[[ DATA EXCERPT open ]]
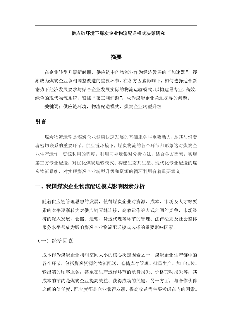 供应链环境下煤炭企业物流配送模式决策研究摘要在企业转型升级新时期,供应链中的物流业作为经济发展的“加速器”,逐渐成为煤炭企业争相调整改进的重要环节,在各方因素影响下,如何选择适合新态势下经济发展要求与贴合企业发展实际的物流运输模式,以构建最专业、高效、绿色的现代物流系统,紧抓“第三利润源”,成为煤炭企业急迫探寻的问题。关键词:供应链环境,物流配送模式,煤炭企业转型升级引言煤炭物流运输是煤炭企业健康快速发展的基础服务与重要动力,是其与消费者密切联系的重要环节,供应链环境下,煤炭物流的各个环节都形象这对煤炭企业生产运作、资源利用的程度,利用同异反集对分析方法,结合各方因素,实现第三方专业配送,对优化煤炭运输模式、构建生态共生型、现代化专业配送的煤炭物流系统,对实现煤炭企业转型升级和资源的循环利用有着重要意义。一、我国煤炭企业物流配送模式影响因素分析随着供应链管理思想的发展,使得煤炭企业对资源、成本、市场及人才等要素的竞争逐渐转为对供应链无缝连接、高效运作等方式之间的竞争,市场经济的深入发展,仓储、运输、货运代理等环节的管理、法律法规及社会整体服务水平都成为影响煤炭企业物流配送模式选择的重要影响因素。(一)经济因素成本作为煤炭企业利润空间大小的核心决定因素之一,煤炭企业生产链中的各个环节,包括煤炭资源的物流配送、仓储库存管理、批量生产、加工包装、输出端的顾客服务,甚至在生产运作环节的缺货损失、价格变动损失等,其成本的节约是煤炭企业提高效益、获得成功的关键。另一方面,与合作伙伴之间的信任度、配合度都是企业获得双赢,提高收益需主要考虑在内的因素。(二)管理因素企业良好的管理是打开行业发展“瓶颈”的重要推动力。故而管理者能否正确认识行业性质、把握企业运作特点,了解产品特性,洞悉顾客需求等管理要素至关重要。煤炭作为日常消费品,其运输环节使供应链上的重要节点,根据企业发展规模的大小、涵盖市场的范围选择合适的物流公司进行合作,能够大大减少物流运输的不专业性导致的利润损失,还可以提高顾客的满意度,提升企业的形象,进而推动企业增强竞争力。当然,对于自营物流配送模式的选择者,部分煤炭企业也可以获得对煤炭供应链上原料采购、生产加工、对外销售和煤炭回收利用的各环节的较强控制力。(三)社会因素我国煤炭资源十分丰富,随着环境友好型社会的创建,政府无力能源型企业的发展提出了经济效益与社会效益兼顾的要求。经济发展新态势下,许多相关法律法规陆续出台,对煤炭企业的发展提出了合理的限制,要求其重视环境保护,打造“绿色物流”。儿煤炭行业的物流水平也受于整个社会物流水平的制约与影响,社会物流中专业物流企业的发展,能够给煤炭企业提供更多高服务、专业化、抗风险能力强的外包业务的选择对象。二、基于各种影响因素的物流配送模式比较SPA(Set Pair Analysis)即集对分析法注重从同异反三层次全面的描述两事物间的关系,能够有效地兼顾所分析事物的同一性与差异性。笔者基于这一方法,并结合煤炭物流的各个影响因素,在复杂的市场环境中,选取了以下三种煤炭企业的物流配送模式加以比较分析。(一)自营物流配送模式自营物流配送对资金的要求很高,它需要建立独立的、专门的物流管理部门、信息处理部门以及库存管理部门等,构成属于自己的物流运输体系,实现煤炭资源的自主配送,故存在一定的管理难度,使得管理水平降低,另一方面,自身进行物流配送也使得运输过程中所造成的损失需自己承担,风险增强。但相对的,自营物流配送模式又有其自身的有事,例如,对生产链上的各个环节控制权也会加强,包括产品的运输装卸、商业机密信息的保密、销售环节的服务水平等,能够与企业的发展战略相符,使煤炭物流配送与企业生产运作更为密切的配合。(二)第三方物流配送模式“第三方“顾名思义,非自身建立专业物流体系,而是将物流的全部配送交于专门的物流企业对消费者进行服务,这种模式能够最大化的实现企业资源的优化组合,降低库存成本与物流风险,使得核心业务的投入更加专注,同时有利于建立与合作伙伴般的告诉新人,使得服务更具专业化、灵活性、多样性,最大程度的提高顾客的消费价值。当然,第三方的物流由于不属于企业内部生产运作的组成部分,受到管理者沟通、工作人员信息传递等因素的影响和限制,煤炭资源和产品的配送会在一定程度上无法保证信息的有效、及时传递,与此同时,企业商业机密泄露的可能性也会因为合作伙伴的原因而增加。(三)共同物流配送模式共同物流配送模式的重点在于选择该模式的煤炭企业需要具有十分强的资金支持与生产运作协调能力,既能够有效地构建属于自己的物流运输配送体系,又能够清楚的认识自身物流发展中的不足之处,并将不完善的部分外包给专门的物流运输企业,实现库存管理成本、物流运输成本的降低与人员管理投入的减少,且有效地保证商业信息不被泄露,增强渠道优势,拓宽市场范围,提高顾客了解度与满意度,获得与其他企业的竞争点。另一方面,由于煤炭企业自身拥有较为完善的物流配送系统,与合作伙伴的信任基础较弱,十分容易产生利益联盟的解体,不能很好
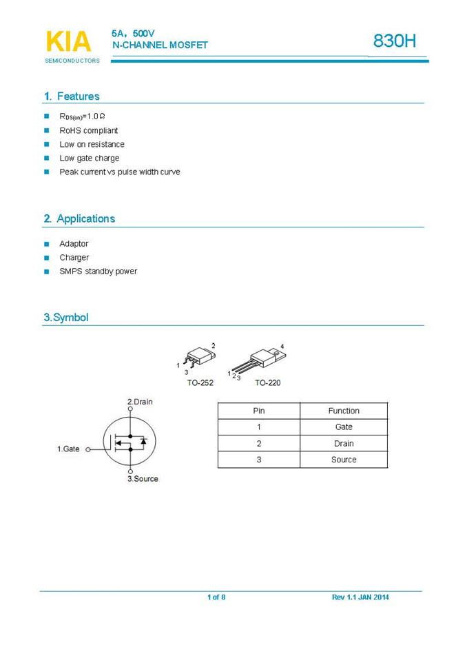 參數(shù)(shù): ID(A): 5 BVDSS(V): 500 RDS(ON): 1.2 Qg(nC): 20 Package: TO-220、TO-252
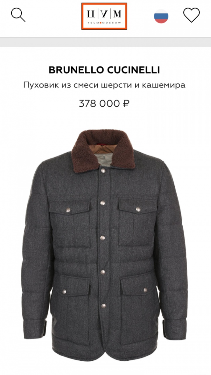 В продаже новый мужской пуховик от люксовой итальянской марки BRUNELLO CUCINELLI.
[[ DATA EXCERPT closed ]]
*HOW TO COMPLETE THIS TASK*. Find the line that has "參數(shù)(shù): ID(A): 5" in the listing, then retype it and each later line up to the last, exactly. Leave pictures out.

*RESULT OF THE TASK*.
 參數(shù)(shù): ID(A): 5 BVDSS(V): 500 RDS(ON): 1.2 Qg(nC): 20 Package: TO-220、TO-252
 В продаже новый мужской пуховик от люксовой итальянской марки BRUNELLO CUCINELLI.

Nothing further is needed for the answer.